论文标题
测序生物信息学算法及以后的理论分析
The theoretical analysis of sequencing bioinformatics algorithms and beyond
论文作者
论文摘要
性能的理论分析一直是许多应用领域算法工程的重要工具。它的目标是预测算法的经验性能,并成为驱动在实践中表现良好的新型算法设计的码数。尽管在许多情况下实现了这些目标,但在关键的应用领域中并未实现它们。我在测序生物信息学领域提供了一个案例研究,这是一个跨学科领域,该领域使用算法从基因组测序数据中提取生物学含义。特别是,我给出了三个具体的例子:两个显示了理论分析未能实现其目标的方式,另一个显示了它是如何成功的。然后,我将分类一些将理论分析应用于生物信息学测序的挑战,争论为什么经验分析不够,并给出提高理论分析与测序生物信息学的相关性的愿景。通过识别问题,了解其根源并提供潜在的解决方案,这项工作希望成为使理论分析在测序生物信息学和潜在的其他快节奏的应用程序领域中更相关的至关重要的第一步。
The theoretical analysis of performance has been an important tool in the engineering of algorithms in many application domains.
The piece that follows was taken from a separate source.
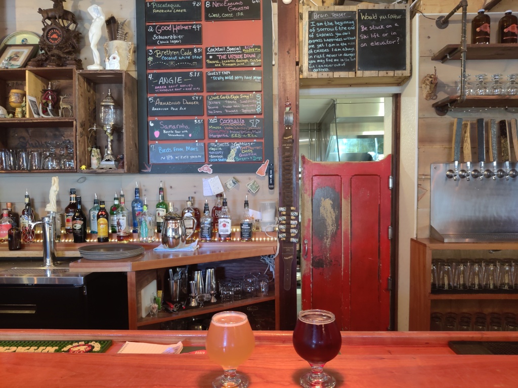 No visit to Portsmouth would be complete without a pilgrimage to Earth Eagle, so that was my next stop. Historically, Earth Eagle has specialized in gruits, which are a style of beer brewed without hops that instead use botanicals to impart bitterness. (Or sometimes they’ve even used bear meat and moose meat– I’m not making this up!) As they’ve expanded though, they’ve put more IPAs on the menu and now typically only carry one gruit at a time. That said, their Angie amber gruit with angelica root and rose hips was fantastic. The Birds from Mars kveik IPA was also solid. (Digression: When I was in Oslo last month I got a kveik saison at a brewery there. I wish American breweries would make something like that, but instead they only seem to use kveik yeast to make IPAs.)

Its goals are to predict the empirical performance of an algorithm and to be a yardstick that drives the design of novel algorithms that perform well in practice. While these goals have been achieved in many instances, they have not been achieved ubiquitously across crucial application domains. I provide a case study in the area of sequencing bioinformatics, an inter-disciplinary field that uses algorithms to extract biological meaning from genome sequencing data. In particular, I give three concrete examples: two showing how theoretical analysis has failed to achieve its goals and one showing how it has been successful. I will then catalog some of the challenges of applying theoretical analysis to sequencing bioinformatics, argue why empirical analysis is not enough, and give a vision for improving the relevance of theoretical analysis to sequencing bioinformatics. By recognizing the problem, understanding its roots, and providing potential solutions, this work can hopefully be a crucial first step towards making theoretical analysis more relevant in sequencing bioinformatics and potentially other fast-paced application domains.